Your need-to-know guide to the benefits of fixed rate energy tariffs
Fixed Rate Energy Tariffs
When you’re looking for a new contract for your gas supply or electricity supply, you’ll notice a vast amount of deals are available. With hundreds of energy companies offering a wide variety of tariffs and contract types, it can be challenging to get your head around what’s on offer and which deals will give you the best value for money.
Like many UK households, you’ll likely discover cheaper gas and electric tariffs that could reduce your gas and electricity bills, and during your search, you’ll come across both fixed-rate tariffs and standard variable tariffs. Whilst they seem similar, these offer very different rates for consumers.

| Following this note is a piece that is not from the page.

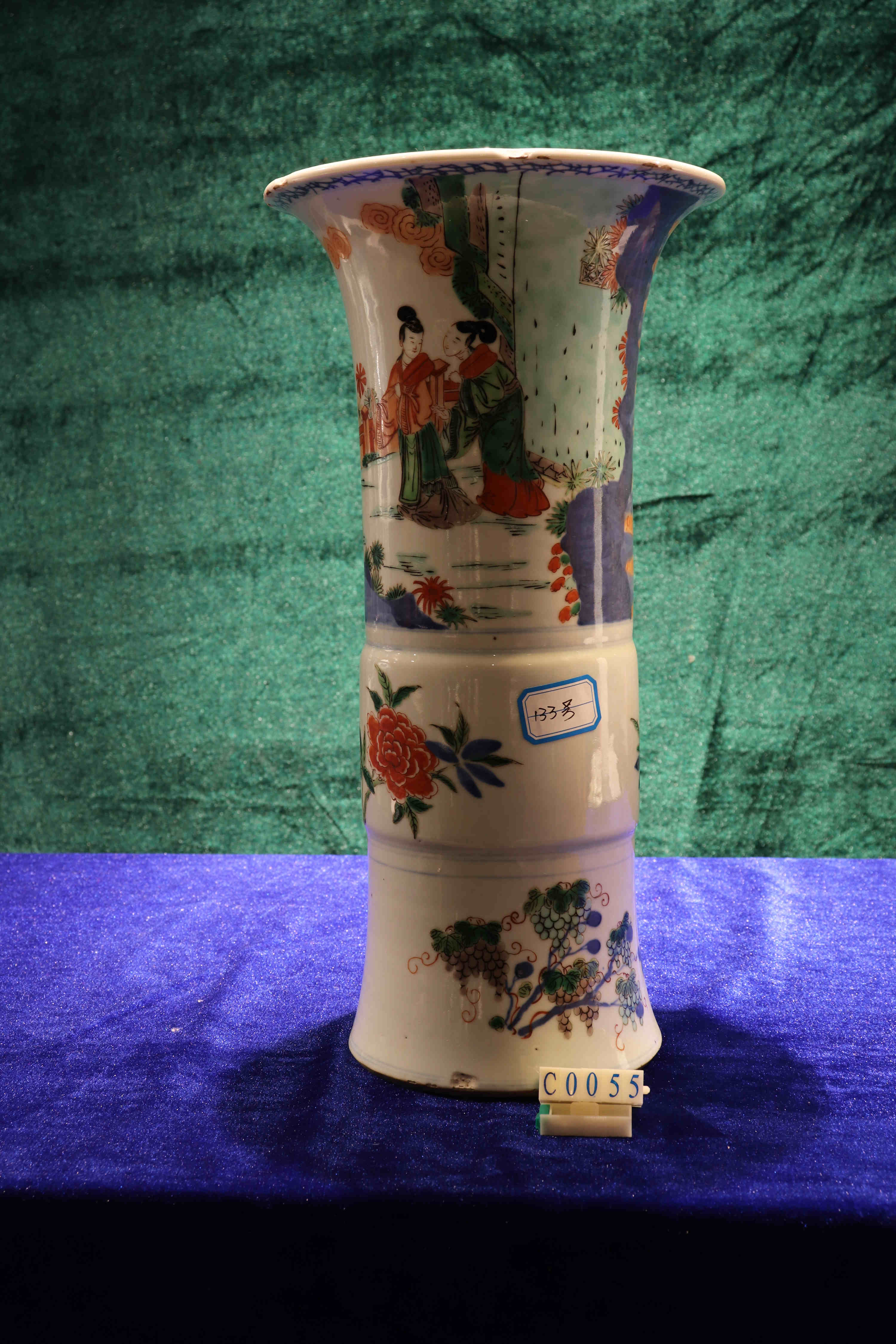 清光緒五彩人物紋花觚 寬20,高39.1

What is a fixed-rate tariff?
The wholesale price of gas and electricity goes up and down, just like many other commodities. However, the energy market can be particularly volatile, with the value of gas and electricity potentially rising and dropping wildly and unexpectedly for customers.
Fixed-rate energy tariffs were created to protect customers from taking the financial weight of the energy market’s unpredictable changes. As fixed tariffs include a specific rate per kWh of energy, the price a customer pays for each unit of energy remains constant throughout their contract. This ensures customers are treated fairly and know exactly how much they will be paying per unit of gas or electricity, despite the instability of the energy market.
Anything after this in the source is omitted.